For the fair, Behold A City features an entirely new topography and arrangement. The previous work was caught in a fire, eerily repeating the fate of Manila when it was carpet-bombed by Japanese forces, becoming the world's most devastated city after Warsaw during World War II. Just like its predecessor, the current work is an epistolary address to the country's seat of power, Villamael's "love letter to the city."

Through his extensive use of archive materials (primarily maps), the artist, through his work and many other, meditates upon – and mediates – history, collective memory, the interpenetrating layers that consitute a locality. Villamael is the cartograopher of real places re-imagined through the geography of art, mapping out the contours and possibilities of a life within the realm of the collective. 

Ryan Villamael (b. 1987) is an artist who has chosen to abstain from the more liberal modes of art expression to ultimately resort to the more deliberate handiwork found in cut paper. While his method follows the decorative nature innate to his medium of choice, from the intricately latticed constructions emerge images that defy the ornamental patchwork found in the tradition of paper cutting.

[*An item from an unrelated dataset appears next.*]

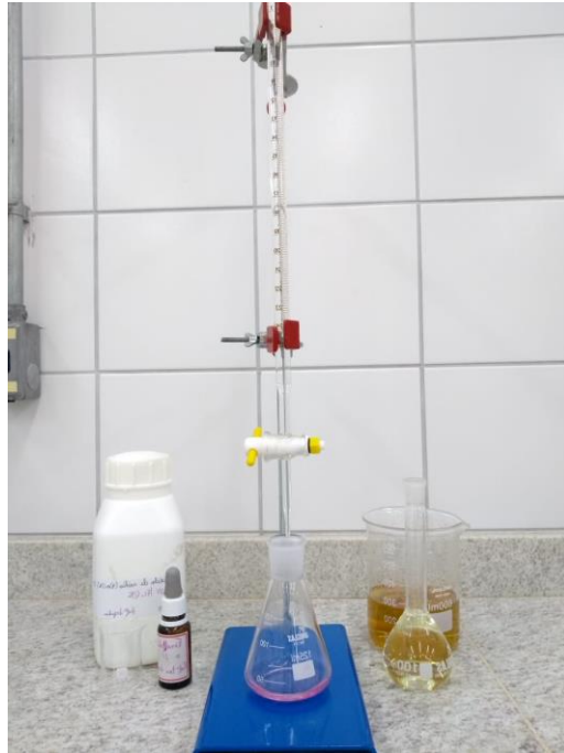
Figura 3 – Análise de ATT realizada nas bebidas.

His intervention into the fragile medium entails not just cutting but concept. By contemplating paper as a fraught site—after all, it is also the medium of books, maps, and other archival materials—he liberates the material to become an arbiter of meaning, one that traffics in the intersection of self and society, of biography and geography. His practice becomes a treatise of a unique vision that encompasses both the inner and outer conditions that occupy the psyche, which range from the oblique complexity of imagined organisms to the outright effects of living in a convoluted city.

In 2015, he received the Ateneo Art Award with studio Residency Grants in La Trobe University Visual Arts Center in Bendigo, Australia, Artesan Gallery in Singapore, and Liverpool Hope University in Liverpool, UK.

Villamael participated in the 2016 Singapore Biennale and the 2018 Biwako Biennale in Japan. He has exhibited at the Palais de Tokyo in Paris, MAIIAM Contemporary Art Museum in Chiang Mai, Para Site in Hong Kong, Mizuma Gallery and the Arts House in Singapore, ROH Projects in Jakarta, and the Metropolitan Museum in Manila.